# [Raw data]
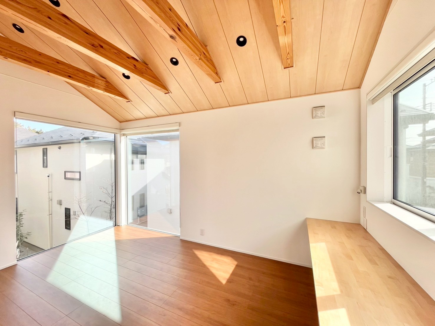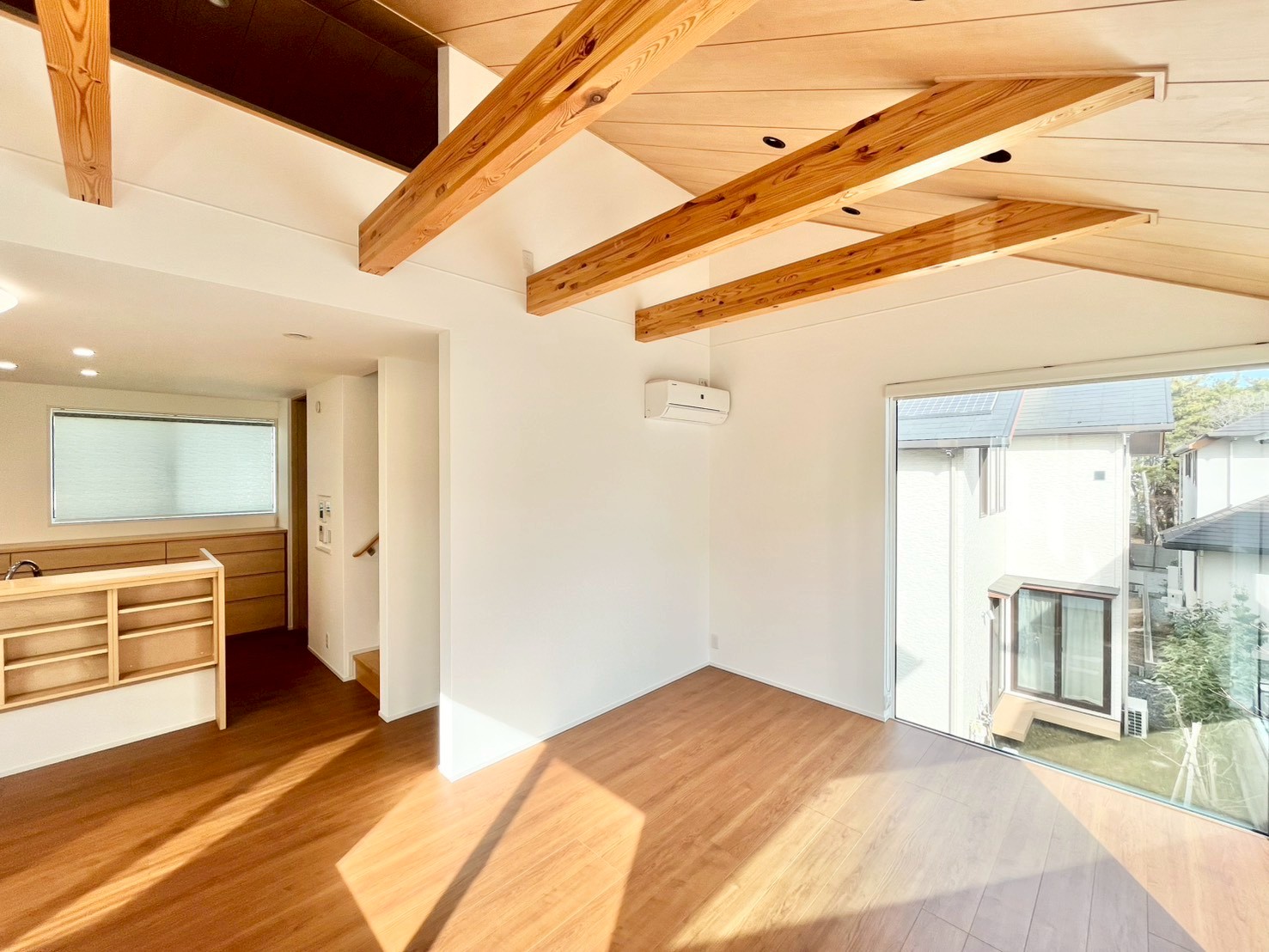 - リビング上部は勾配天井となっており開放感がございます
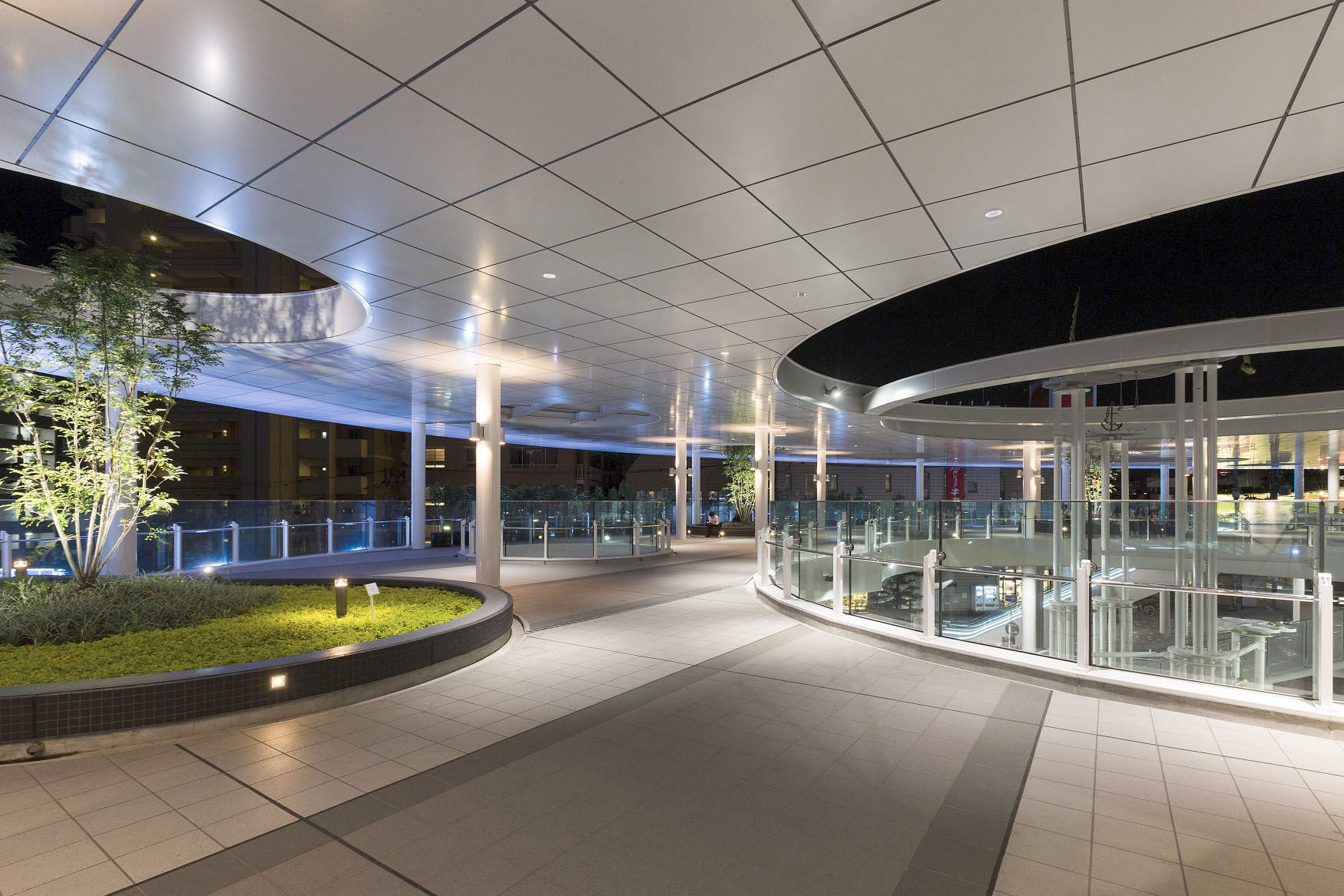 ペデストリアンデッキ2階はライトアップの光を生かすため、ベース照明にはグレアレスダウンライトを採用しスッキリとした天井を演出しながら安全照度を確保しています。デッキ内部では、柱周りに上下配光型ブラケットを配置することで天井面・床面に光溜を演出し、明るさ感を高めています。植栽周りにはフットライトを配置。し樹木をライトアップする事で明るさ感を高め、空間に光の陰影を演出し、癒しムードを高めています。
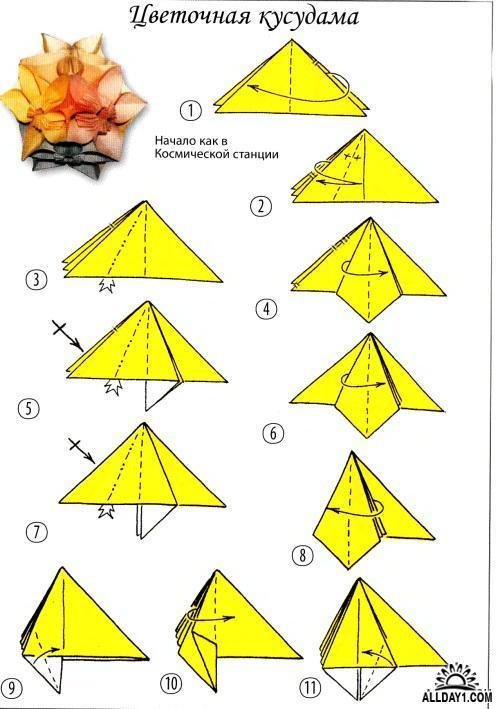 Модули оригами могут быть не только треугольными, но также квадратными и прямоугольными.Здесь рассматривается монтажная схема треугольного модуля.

# [Task to carry out]
Every line between the one containing "ペデストリアンデッキ2階はラ" and the end of the listing, both included, needs to be retyped exactly, minus the pictures.

# [Answer area]
 ペデストリアンデッキ2階はライトアップの光を生かすため、ベース照明にはグレアレスダウンライトを採用しスッキリとした天井を演出しながら安全照度を確保しています。デッキ内部では、柱周りに上下配光型ブラケットを配置することで天井面・床面に光溜を演出し、明るさ感を高めています。植栽周りにはフットライトを配置。し樹木をライトアップする事で明るさ感を高め、空間に光の陰影を演出し、癒しムードを高めています。
 Модули оригами могут быть не только треугольными, но также квадратными и прямоугольными.Здесь рассматривается монтажная схема треугольного модуля.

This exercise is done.